THE EMBODIMENTS OF THE INVENTION IN WHICH AN EXCLUSIVE
PROPERTY OR PRIVILEGE IS CLAIMED ARE DEFINED AS FOLLOWS:

1. Apparatus for use in a system for growing cystalline bodies of selected shape from a melt wherein said melt is derived from a crucible by a capillary die member, and said crystalline body is grown from a liquid/solid growth interface at the top end of said capillary die member, said apparatus comprising an improved capillary die member having a top end, a bottom end, at least one exterior side wall surface of said capillary die member extending between said top and bottom ends, and a plurality of capillaries in the form of a plurality of grooves of capillary dimension formed in said exterior side wall surface of said die member, said grooves terminating at select locations along the top end of said die member so that melt can be drawn from said crucible to said top end via said grooves as said crystalline body is grown from said liquid/solid growth inter-face at the top end of said die member.

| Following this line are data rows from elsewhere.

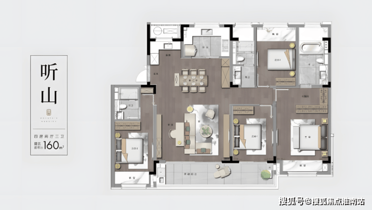 主力户型均配置双阳台系统——南向景观阳台连接自然,并搭配全景飘窗设计,极大提升采光面与视觉通透感。例如建筑面积约143平方米的户型,实现了四开间朝南,5.3米宽厅连接阳台,引景入室,光明盈户。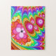 Este quebra-cabeça fractal com aspecto fratural tem formas legal em rosa claro, vermelho, laranja, amarelo, azul, verde, roxo e preto. Faz um presente excelente para amantes de arte fractal!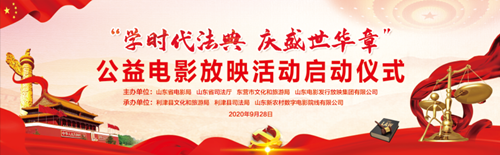 9月28日晚上,由山东省电影局、山东省司法厅、东营市司法局、东营市文化和旅游局、山东电影发行放映集团有限公司主办,山东新农村数字电影院线有限公司、利津县司法局、利津县文化和旅游局承办的“学时代法典 庆盛世华章”公益电影放映活动启动仪式在利津县盐窝镇十南村举行。省电影局、省司法厅、东营市委宣传部、东营市文化和旅游局等相关单位负责同志参加启动仪式。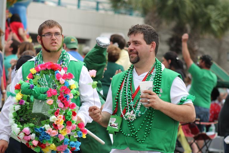 Keywords: men parade outside colorful festival celebration irish parade louisiana

2. Apparatus according to claim 1, wherein said die member is a single integrally-formed member.

3. Apparatus according to claim 1 including a cavity formed in the top end of said die member for collecting melt as said crystalline body is grown from said liquid/solid growth interface at said top end.

4. Apparatus according to claim 3, wherein said grooves extend substantially from said bottom end to said top end.

5. Apparatus according to claim 1, wherein said bottom end is larger in plan view than said top end.

6. Apparatus according to claim 5, wherein said die top end comprises a relatively narrow, elongated rectangle in plan view.

7. Apparatus according to claim 1 for use is a system for growing crystalline bodies of silicon, wherein said die member is formed of graphite.

8. Apparatus according to claim 6 further including a crucible and means for supporting said die member with respect to said crucible.

9. Apparatus according to claim 1 wherein said die member comprises a tapered block having rectangular top and bottom ends, said bottom end being larger in plan view than said top end.

10. Apparatus according to claim 1, wherein said member includes at least two side wall surfaces, each including a plurality of said grooves.

11. Apparatus according to claim 8, wherein said die member includes at least two holes extending through said member and said means for supporting said die member with respect to said crucible comprises at least two pins extendable through the respective holes in said die member and supportable by said crucible.

12. Apparatus according to claim 1, wherein said grooves are each triangular in cross-section.

13. Apparatus according to claim 12, wherein the apex angle of each said groove is approximately 60°.

14. Apparatus according to claim 1, wherein said grooves are each substantially semi-circular in cross-section.

15. Apparatus according to claim 1, wherein said grooves are each substantially square in cross-section.

16. Apparatus according to claim 1, wherein the depth of each of said grooves is less than twice the width of said groove.